With the SigLIP visual encoder, Imp LMMs achieve superior performance at a smaller computational scale compared to their counterparts.

Training Strategy

Finetuning Mechanism:

The researchers found that LoRA finetuning outperformed traditional full-parameter finetuning. Specifically, a LoRA rank of 256 offered the best balance between model capability and resource efficiency.

Training Epochs:

Training for just one epoch often left the model under-optimized. Instead, training for two epochs provided a notable boost in performance without a significant increase in computational requirements.

Enhanced Training Data

OCR and Chart Understanding:

Introducing data from datasets like DVQA and ChartQA, which focus on OCR (Optical Character Recognition) and chart understanding, showed marked improvement in the model's ability to handle tasks requiring text recognition within images.

GPT-4V Annotated Data:

Incorporating GPT-4V annotated datasets helped in fine-tuning the LMM’s capabilities to better generate instructions and engage in conversations, significantly bolstering the model's overall performance.

Results and Comparisons

The paper showcases various Imp models (Imp-2B, Imp-3B, and Imp-4B). Let’s explore some notable results:

Imp-3B model managed to outperform many existing 7B and even 13B parameter models across several benchmarks.
Imp-2B particularly excelled in multilingual understanding, showing robust performance in Chinese text despite being trained primarily on English data.
The Imp-4B model combined all the improvements and delivered strong results across a multitude of benchmarks, thereby proving the viability of small yet potent LMMs.

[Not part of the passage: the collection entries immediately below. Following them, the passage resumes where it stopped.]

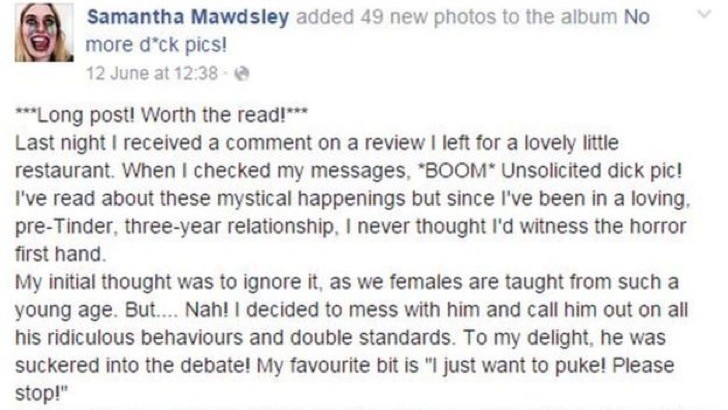 “He leído sobre estos místicos acontecimientos pero como llevo tres años en una relación previa a la ‘era Tinder’ (una aplicación de citas) nunca pensé que viviría este horror en primera persona“, se lee en el comienzo del irónico post de Samantha en Facebook que iba acompañado por la foto que el tipo le envío, aunque censurada.
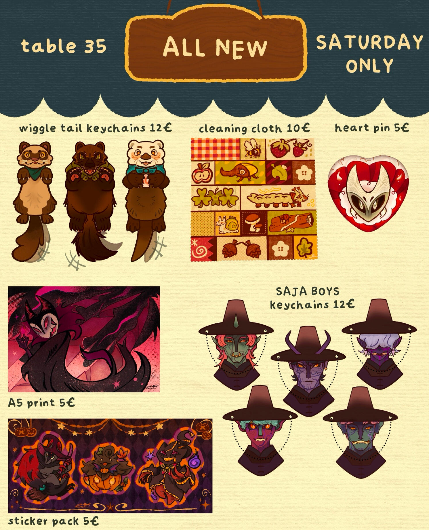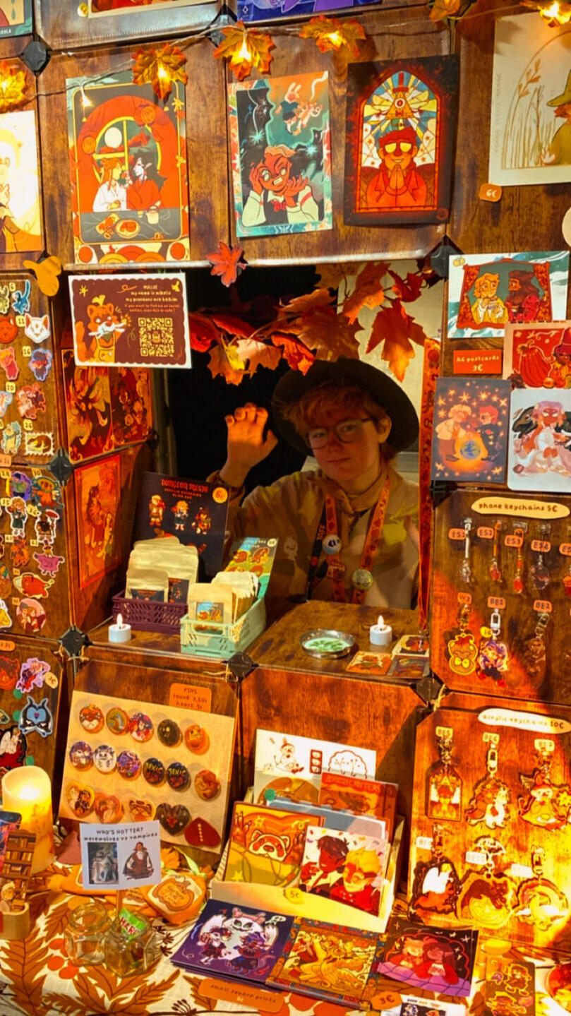 ✸ i have been participating in conventions since 2019.✸ i want to share the coziness i feel during autumn, and to let people experience this lovely amber feeling all year long with my creations 🍁✸ my table is full of a variety of things, every con i am always trying to make something new ⭐️
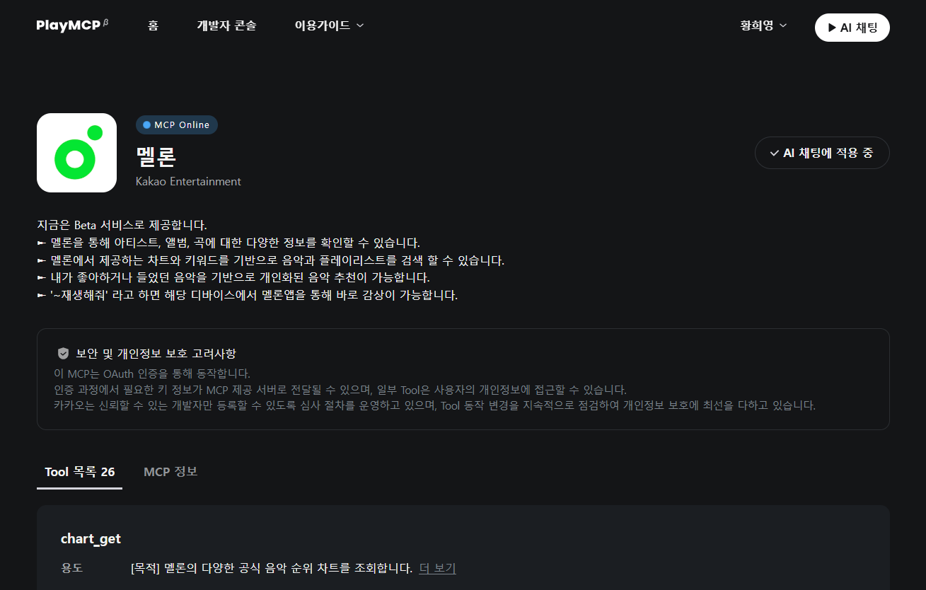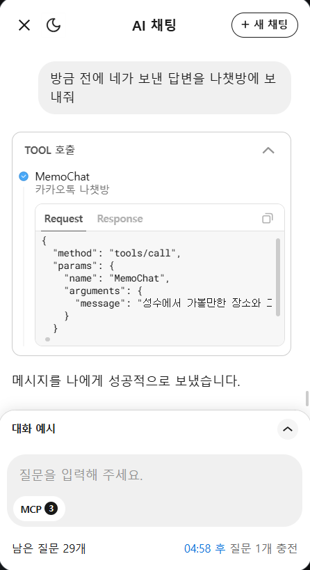 적용한 MCP 서버를 해당 플랫폼에 통합된 AI 채팅창(GPT-4o 기반)에서 써볼 수 있습니다.
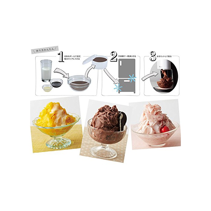 부속품:빙수 어레인지 레시피(요리처리법)(요리 연구가 사카구치 토모코 선생님 감수)고, 전용 제빙 컵2개
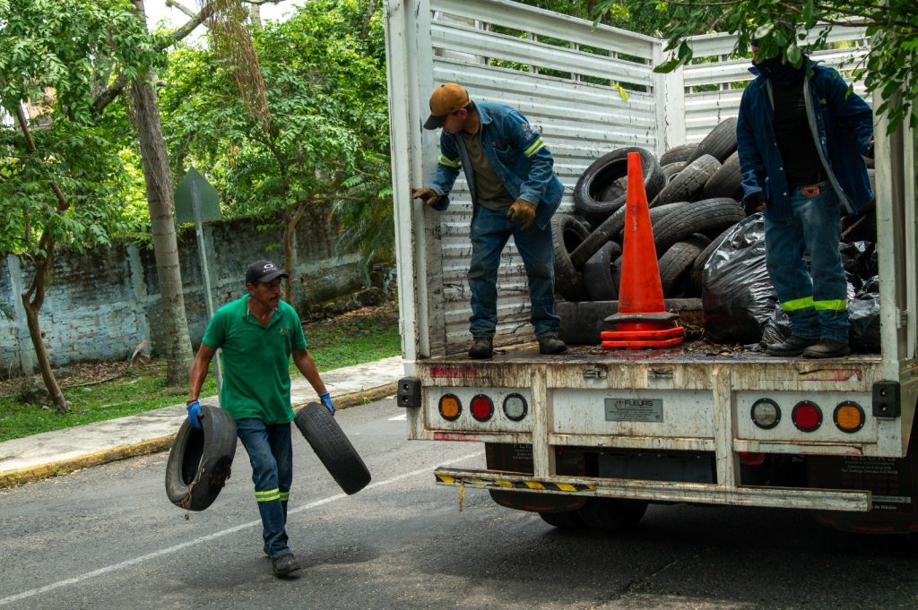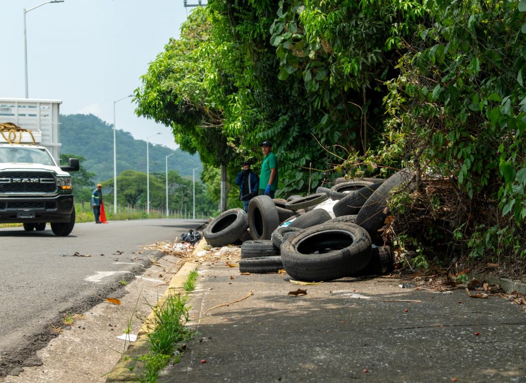 Asimismo, personal de Limpia Pública realizó la recolección de llantas ubicadas en la vía pública en la zona de Agustín Millán y boulevard USBI basurero clandestino.
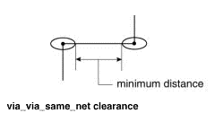 Правило via_via_same_net определяется как минимальный зазор между двумя переходными отверстиями, принадлежащими одной цепи и в одном слое. (Рис. 5).
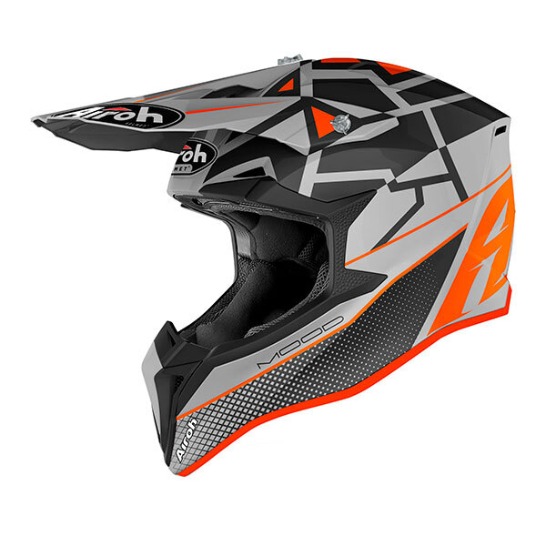 Aggressive Grafik für den Airoh Wraap Mood Motocross Helm. Es enthält das innovative EPS-System mit doppelter variabler Dichte. Erhöhen Sie die Sicherheitsstandards wie bei einem High-End-Helm.
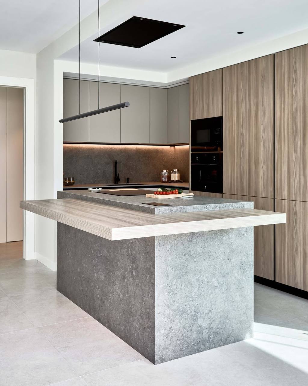 Впечатляющий проект, центральное место в котором занимает остров из материала Dekton Grafite.
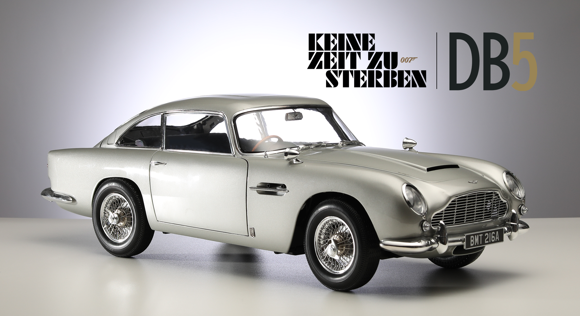 Acht DB5-Stunt-Repliken wurden von Aston Martin für die Dreharbeiten gebaut und zwei Autos, die auch in GoldenEye, Der Morgen stirbt nie, Skyfall und Spectre vorkommen, wurden für Nahaufnahmen verwendet
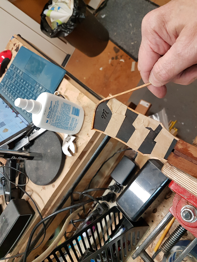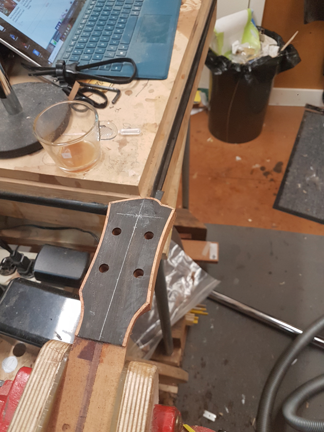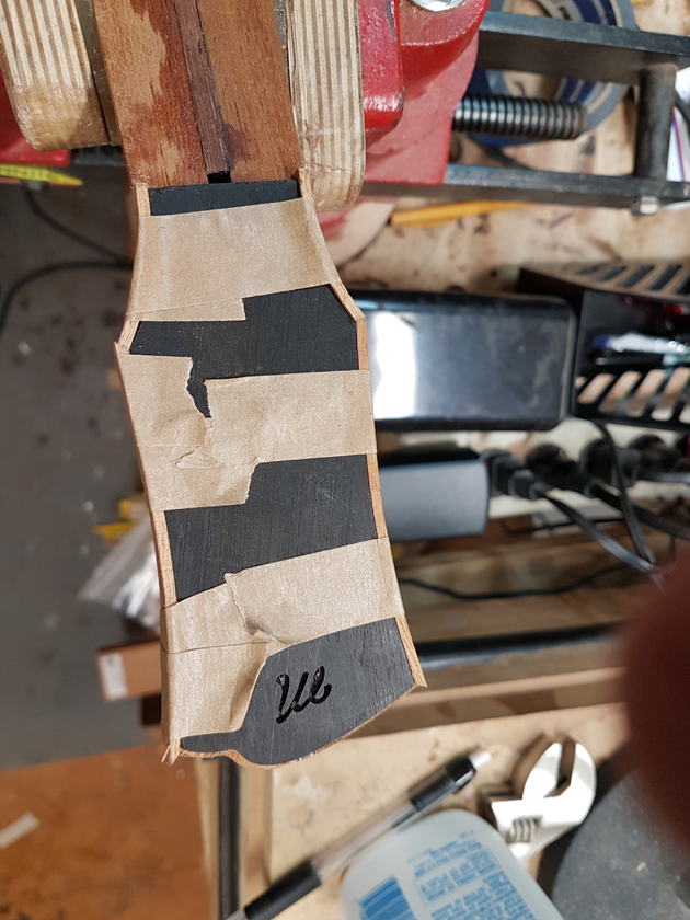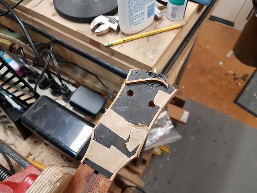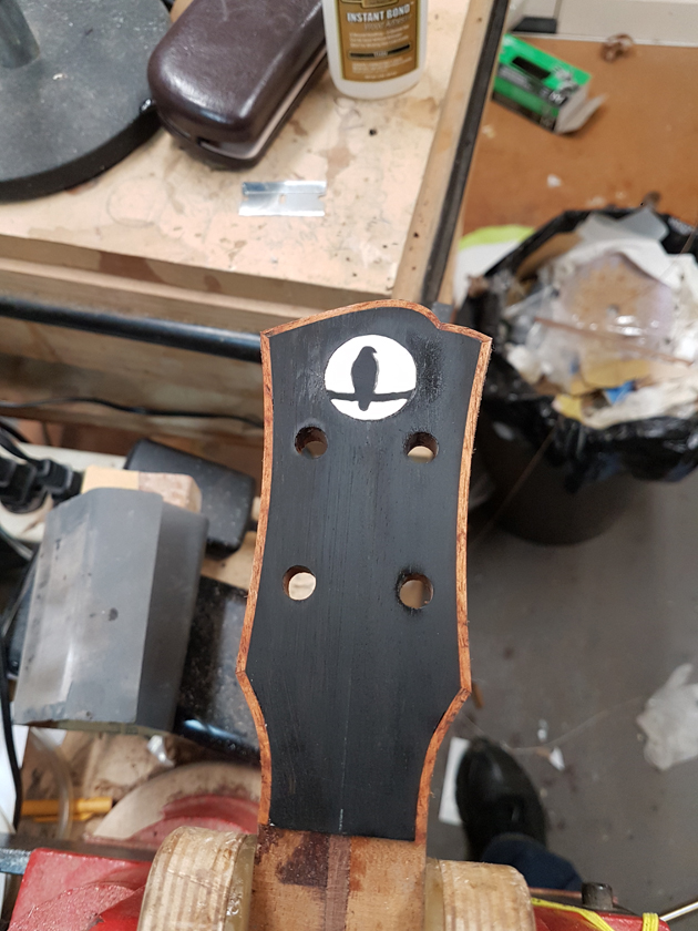 I have never bound a headstock before — hoping to avoid the tight curves and mitres. I decided to try binding these with CA glue, working a small section at a time. The first attempt was a learning experience; by the second headstock I had a much better feel for the bends.

Deployment on Mobile Devices

One of the major advantages of these lightweight Imp models is their deployability on mobile devices. Using techniques like low-bit quantization, the researchers optimized Imp-3B to run efficiently even on devices powered by Snapdragon chips.

Performance and Speed:
- On mobile devices, the model demonstrated high inference speeds, making real-time applications plausible.
- Reducing the image resolution did not significantly impact the overall performance, ensuring a good balance between latency and model capability.

Practical Implications and Future Work

The Imp models lay down a promising path for deploying high-performance AI in resource-constrained environments such as mobile devices and edge computing. This makes advanced AI accessible to a broader range of applications, including personal assistants, real-time translation services, and more.

Looking Forward

Future improvements could involve:

Introducing more diverse and high-quality datasets to further refine model capabilities.
Implementing advanced training strategies like knowledge distillation.
Exploring more efficient model compression techniques.
Extending support for additional input modalities such as audio and 3D data.

The researchers are also focusing on practical deployments and have developed ImpChat, a multi-platform assistant leveraging these lightweight models. This ensures that you can have a robust AI assistant across various devices without the need for extensive resources.

As we move forward, continued efforts to refine these lightweight yet powerful models could lead to a broader, more inclusive application of AI technologies.